Don’t Forget to Slow Down

woman doing yoga exercises at home

Productivity is the hustle culture’s currency in this world. Even when you’re walking, you have to do something a little productive, like listen to podcasts and audiobooks. When you’re at work, productivity should be at its peak to increase job performance. Sometimes, one’s health is compromised for the sake of productivity—skipping meals, staying up all night, and depriving the body of rest.

Keeping up with the fast-paced lifestyle, however, can do the opposite. It can hinder productivity with its adverse health effects, physically and mentally. Whether it is going on a couple’s vacation, watching reality TV, or having a session of a mommy makeover, taking a break and slowing down is necessary to remain grounded and focus on your goals.

Let your mind wander.

When you pause for a while and sit right at the moment without thinking of anything, the brain has all the freedom in the world. You might start with a germinal idea for a story or a new pitch. Then, the next thing you know, you’ve got the whole outline for your presentation at the back of your head. When you allow yourself to be bored, your brain can explore its many creative facets—and that’s backed by research. Imagine how creative thinking can benefit problem solving and ideation in your day-to-day life.

woman hugging herself

You’re not exactly productive when you’re sick.

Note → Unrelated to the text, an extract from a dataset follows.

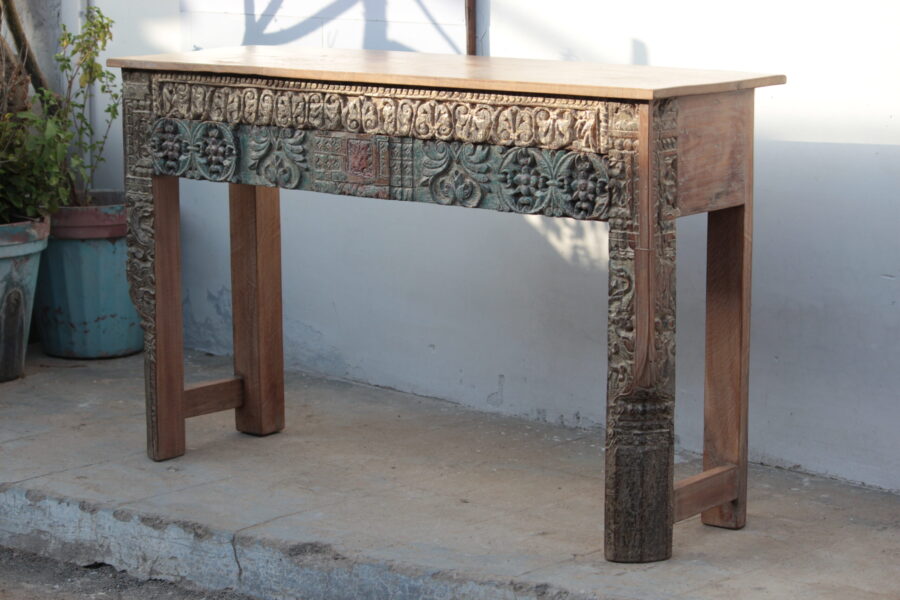 This console utilizes old architectural elements, re-claimed woods and is handcrafted by artisans using basic hand tools.

Not taking care of your body is detrimental to your immune system. For example, sleep deprivation leads to fatigue, slow cognitive function, low mood, etc. When you’re hungry because you skipped a meal, chances are you can’t focus on the task at hand. In retrospect, when your health is not at its peak, you’re prone to colds, headaches, and other health issues that will hinder you from being productive. It’s best to think twice before abusing your body because, as Andrew Thomas puts it, “You can’t hustle if you’re dead.”

Consider Bullet Journaling

A Bullet Journal is a system that allows a person to plot their days in a notebook through Rapid Logging. This concept encourages the user to “capture information as bulleted lists.” Events, notes, and tasks have different shapes as bullets so that they are easily distinguishable. As a result, the user can see how their days or weeks are planned out, and they can carry on with their schedule and keep up with tasks. The good thing about the Bullet Journal is that it promotes mindful productivity by reminding people to take into consideration why they are doing what they are doing.

In the world of hustling, it’s easy to lose sight of one’s true purpose because being busy can sometimes be addicting. Psychology Today captures it perfectly: “I’m busy, therefore I’m important and valuable, therefore I’m worthy.”

Sometimes, it’s better to remind oneself that the number of bullets in the journal does not define a person’s worth or significance in this world. What matters is your health and ability to listen to it and take care of it because, without it, you cannot fully carry out the tasks you need to do. Consider getting bored for a few minutes. Your mind may surprise you.